Assignment> Write the data below out exactly as it stands. Do not include the pictures.

:: Stored data ::

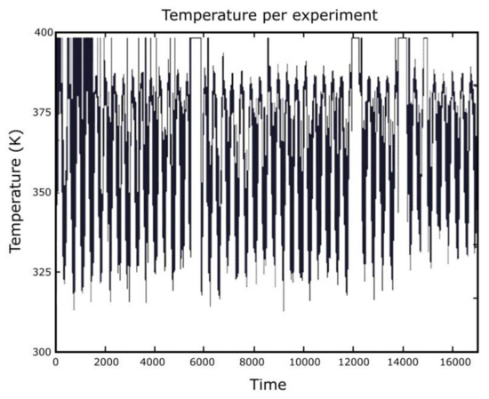 In Figure 2, a time series of absolute temperature (time-dependent temperature) is shown, and the superscript on the graph refers to the temperature per experiment. On the abscissa (ox axis), we have the time t (seconds), and on the ordinate (oy axis), we have the absolute temperature T (Kelvin).
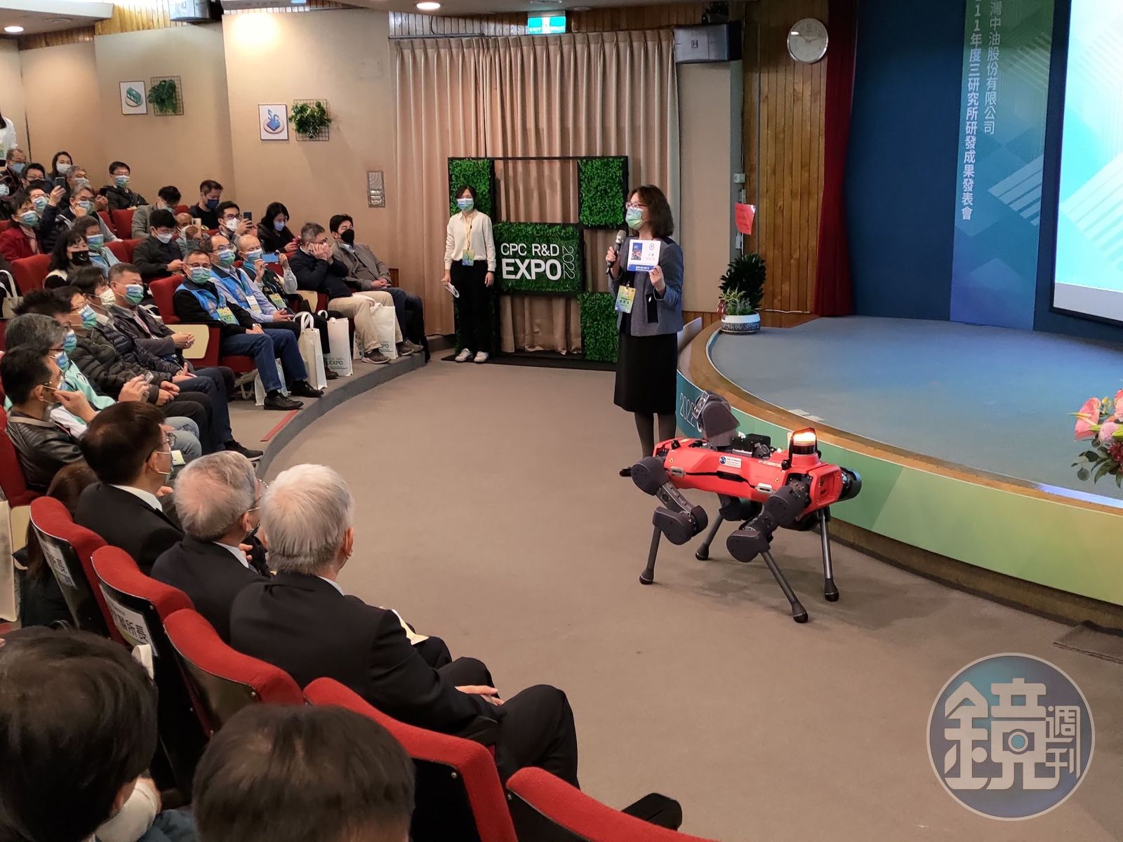 「仿生自動巡檢裝置」─智慧型機器狗是發表會的一大亮點,一出場立刻成為焦點,戴上編號「918779」的員工識別證,編號取諧音「加油吧 機器狗」,它有三大特色,一是能協助儀表辨識,減少例行性的巡檢作業人力,降低生產成本;二是若現場發生氣體洩漏,能偵測到獨特的音波頻率而啟動警戒作用;第三則是引進機器狗輔助人力,能避免人員進入危害或髒污環境,提升設備的上線率,增加生產效率。
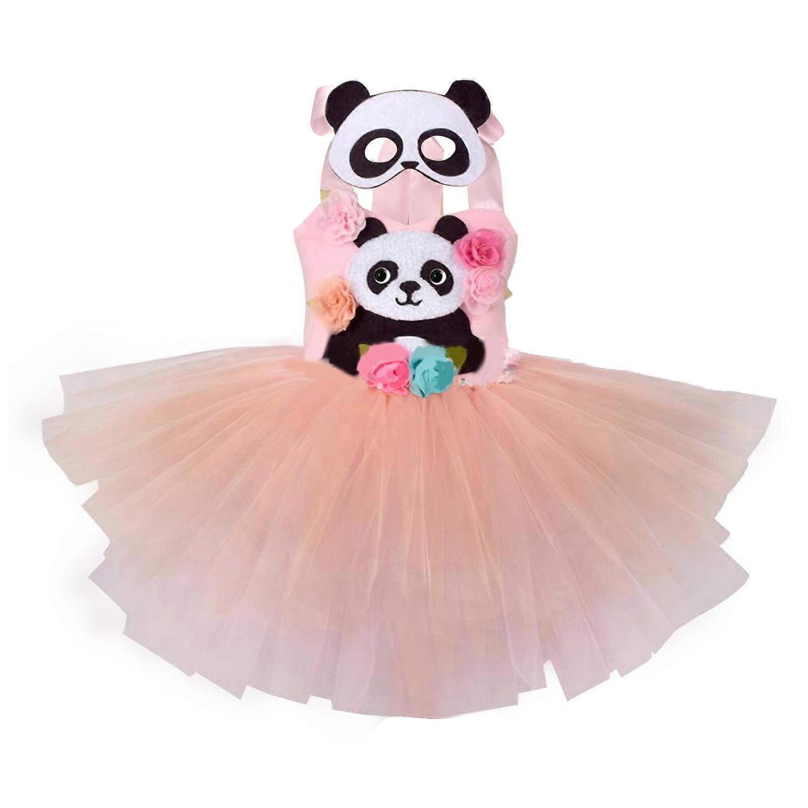 3Pcs Panda Costume Set Panda Mask Tail Tutu Dress for Halloween Christmas Party Animal Cosplay Costume for Kids Girls Pink Aged 11 to 12

:::

Task response>
 In Figure 2, a time series of absolute temperature (time-dependent temperature) is shown, and the superscript on the graph refers to the temperature per experiment. On the abscissa (ox axis), we have the time t (seconds), and on the ordinate (oy axis), we have the absolute temperature T (Kelvin).
 「仿生自動巡檢裝置」─智慧型機器狗是發表會的一大亮點,一出場立刻成為焦點,戴上編號「918779」的員工識別證,編號取諧音「加油吧 機器狗」,它有三大特色,一是能協助儀表辨識,減少例行性的巡檢作業人力,降低生產成本;二是若現場發生氣體洩漏,能偵測到獨特的音波頻率而啟動警戒作用;第三則是引進機器狗輔助人力,能避免人員進入危害或髒污環境,提升設備的上線率,增加生產效率。
 3Pcs Panda Costume Set Panda Mask Tail Tutu Dress for Halloween Christmas Party Animal Cosplay Costume for Kids Girls Pink Aged 11 to 12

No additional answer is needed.